I finally understood the $ \Phi(L)= 1 - \alpha (L) $ (page 16) that is used in equation 60 of the rugarch documentation. I have played a bit with rugarch today and I noticed that:
the alpha
coefficient in the output corresponds to the $\Phi_{i}$ coefficient of the formula.
rugarch doesn't print the $\alpha_{i}$ coefficients (despite they are labelled alpha
), the definition $ \Phi(L)= 1 - \alpha (L) $ make sense if $\alpha (L)$ corresponds to the polynomial $\alpha (L)=\sum_{i=1}^{m-1} \Phi_{i}L^{i} $ with $\alpha (0)=0$. The problem is that the documentation also uses the symbol $\alpha (L)$ to define the arch polynomial and this is very confusing...

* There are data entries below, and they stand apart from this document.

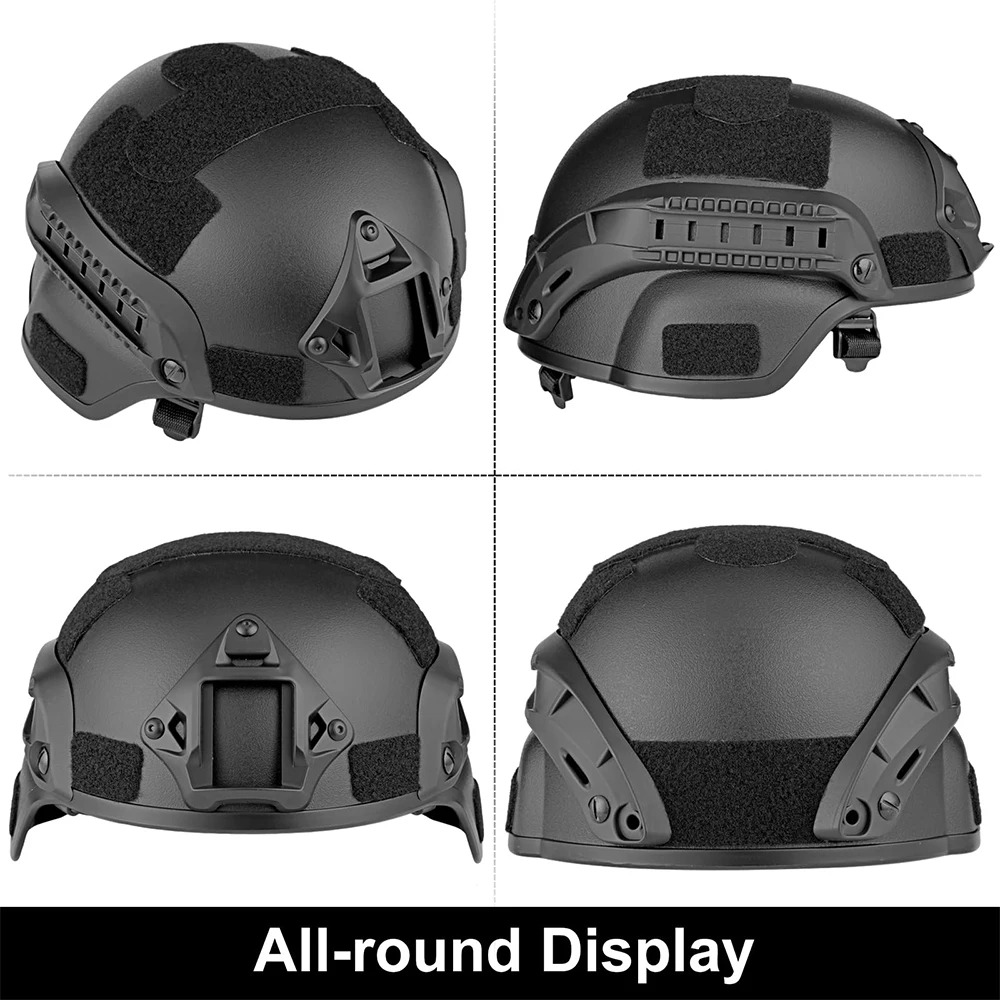 Casco Airsoft MICH negro Con pasamontañas elástico, máscara y gafas antivaho para Airsoft Protección facial táctica completa para caza al aire libre
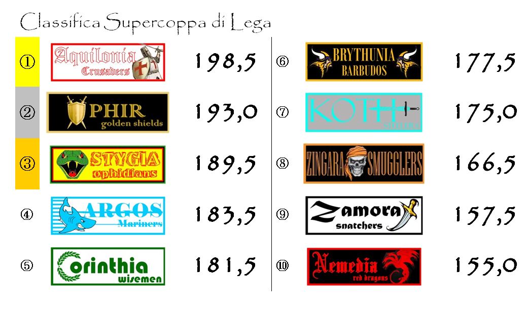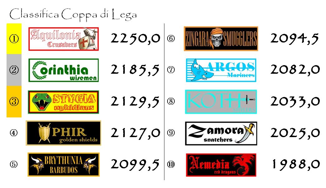 In Coppa di Lega la capolista Aquilonia si è prontamente ripresa i punti che Corinthia le aveva rosicchiato una settimana fa. Ora la distanza tra la capolista e la più immediata delle inseguitrici è di nuovo di oltre sessanta lunghezze. Lotta sempre aperta per il terzo posto con Stygia e Ophir divise da una manciata di punti e Brythunia che prova a rifarsi sotto, anche se distanziata di trenta lunghezze.
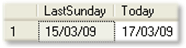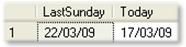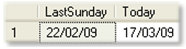 SELECT dbo.fn_LastSunday(1) as LastSunday, Convert(nchar(8),getdate(),3) as Today
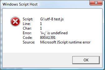 我不确定我是否做错了什么,但是如果我用JScript编码将其保存在一个.js文件中,我似乎无法通过Windows Script Host运行以下的UTF-8:
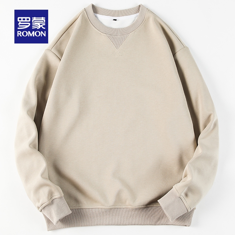 罗蒙男士时尚休闲圆领长袖卫衣2025春季新款宽松百搭纯色上衣N1Z

So to sum up the FIGARCH implementation in rugarch corresponds to FIGARCH(p,d,f) where f is the order of $\Phi(L)$ (f=m-1)
So the Figarch(1,d,1) (=p,d,f) corresponds to;
\begin{align*}
(1-\Phi_{1} L) (1-L)^{d} \epsilon_{t}^{2} = w + [1-\beta_{1}L] \eta_{i}
\end{align*}
Also the documentation does not indicate if the alpha
coefficients specify as an input to a FIGARCH corresponds to the $\alpha_{i}$ or $\Phi_{i}$ coefficients. If I'm correct they correspond to the $\Phi_{i}$ coefficients.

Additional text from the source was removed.